= Point groups in two dimensions =

Geometry concept

The Bauhinia blakeana flower on the Hong Kong flag has C_{5} symmetry; the star on each petal has D_{5} symmetry.

In geometry, a two-dimensional point group or rosette group is a group of geometric symmetries (isometries) that keep at least one point fixed in a plane. Every such group is a subgroup of the orthogonal group O(2), including O(2) itself. Its elements are rotations and reflections, and every such group containing only rotations is a subgroup of the special orthogonal group SO(2), including SO(2) itself. That group is isomorphic to R/Z and the first unitary group, U(1), a group also known as the circle group.

The two-dimensional point groups are important as a basis for the axial three-dimensional point groups, with the addition of reflections in the axial coordinate. They are also important in symmetries of organisms, like starfish and jellyfish, and organism parts, like flowers.

== Discrete groups ==

There are two families of discrete two-dimensional point groups, and they are specified with parameter n, which is the order of the group of the rotations in the group.

| Group | Intl | Orbifold | Coxeter |  | Order | Description |
|---|---|---|---|---|---|---|
| C_{n} | n | n• | [n]^{+} |  | n | Cyclic: n-fold rotations. Abstract group Z_{n}, the group of integers under addition modulo n.^{[citation needed]} |
| D_{n} | nm | *n• | [n] |  | 2n | Dihedral: n-fold rotations and n-fold reflections. Abstract group Dih_{n}, the dihedral group. |

Intl refers to Hermann–Mauguin notation or international notation, often used in crystallography. In the infinite limit, these groups become the one-dimensional line groups.
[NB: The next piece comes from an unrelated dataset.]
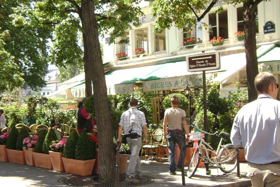 Le café Louis-Philippe entre le Quai et la rue de l'Hôtel de Ville devant la rue Pont Louis-Philippe est aujourd'hui à la mode.

If a group is a symmetry of a two-dimensional lattice or grid, then the crystallographic restriction theorem restricts the value of n to 1, 2, 3, 4, and 6 for both families. There are thus 10 two-dimensional crystallographic point groups:
- C_{1}, C_{2}, C_{3}, C_{4}, C_{6},
- D_{1}, D_{2}, D_{3}, D_{4}, D_{6}

The groups may be constructed as follows:
- C_{n}. Generated by an element also called C_{n}, which corresponds to a rotation by angle 2π/n. Its elements are E (the identity), C_{n}, C_{n}^{2}, ..., C_{n}^{n−1}, corresponding to rotation angles 0, 2π/n, 4π/n, ..., 2(n − 1)π/n.
- D_{n}. Generated by element C_{n} and reflection σ. Its elements are the elements of group C_{n}, with elements σ, C_{n}σ, C_{n}^{2}σ, ..., C_{n}^{n−1}σ added. These additional ones correspond to reflections across lines with orientation angles 0, π/n, 2π/n, ..., (n − 1)π/n. D_{n} is thus a semidirect product of C_{n} and the group (E,σ).

All of these groups have distinct abstract groups, except for C_{2} and D_{1}, which share abstract group Z_{2}. All of the cyclic groups are abelian or commutative, but only two of the dihedral groups are: D_{1} ~ Z_{2} and D_{2} ~ Z_{2}×Z_{2}. In fact, D_{3} is the smallest nonabelian group.
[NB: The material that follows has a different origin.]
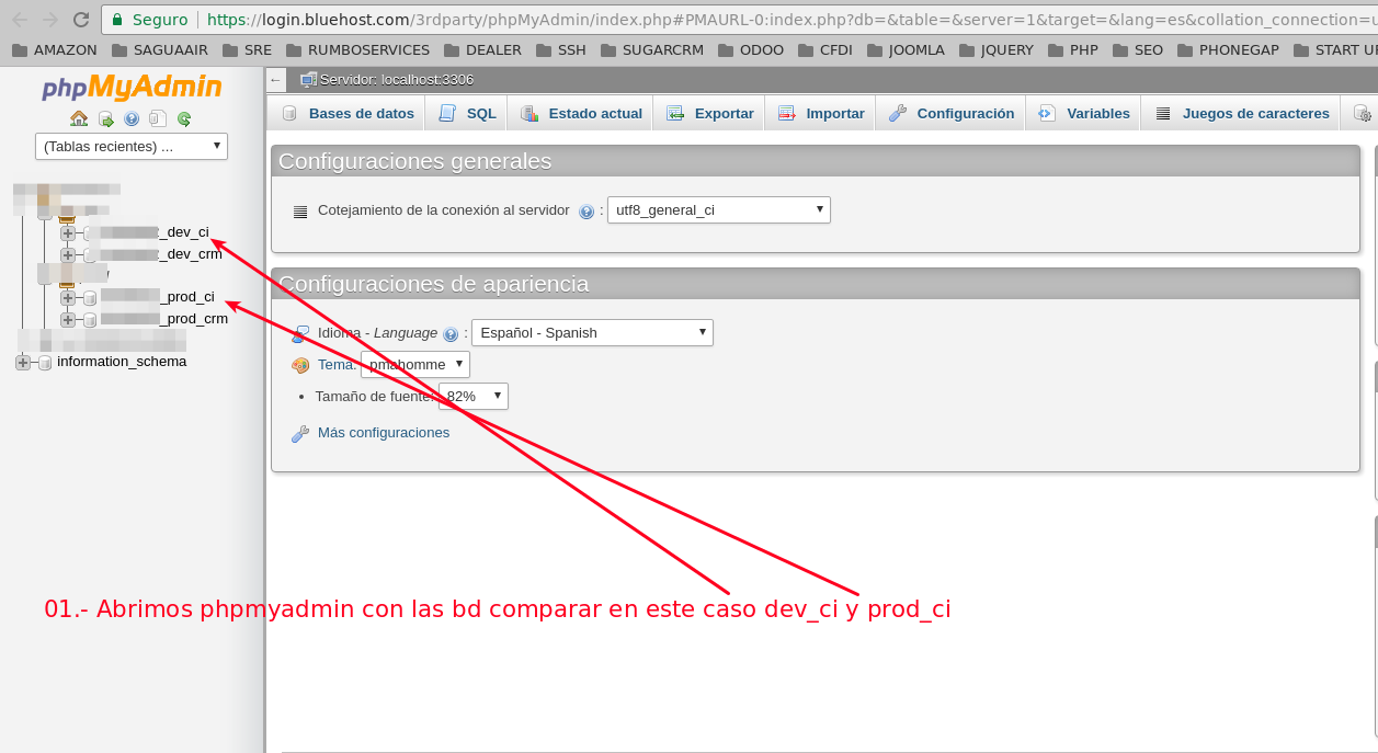 01.- Abrimos phpmyadmin con las bd comparar en este caso dev_ci y prod_ci

For even n, the Hermann–Mauguin symbol nm is an abbreviation for the full symbol nmm, as explained below. The n in the H-M symbol denotes n-fold rotations, while the m denotes reflection or mirror planes.

| Parity of n | Full Intl | Reflection lines for regular polygon |
|---|---|---|
| Even n | nmm | vertex to vertex, edge center to edge center (2 families, 2 m's) |
| Odd n | nm | vertex to edge center (1 family, 1 m) |

== More general groups ==

These groups are readily constructed with two-dimensional orthogonal matrices.

The continuous cyclic group SO(2) or C_{∞} and its subgroups have elements that are rotation matrices:
$$R(\theta) =
\begin{bmatrix}
\cos \theta & -\sin \theta \\
\sin \theta & \cos \theta \\
\end{bmatrix}$$
where SO(2) has any possible θ. Not surprisingly, SO(2) and its subgroups are all abelian; addition of rotation angles commutes.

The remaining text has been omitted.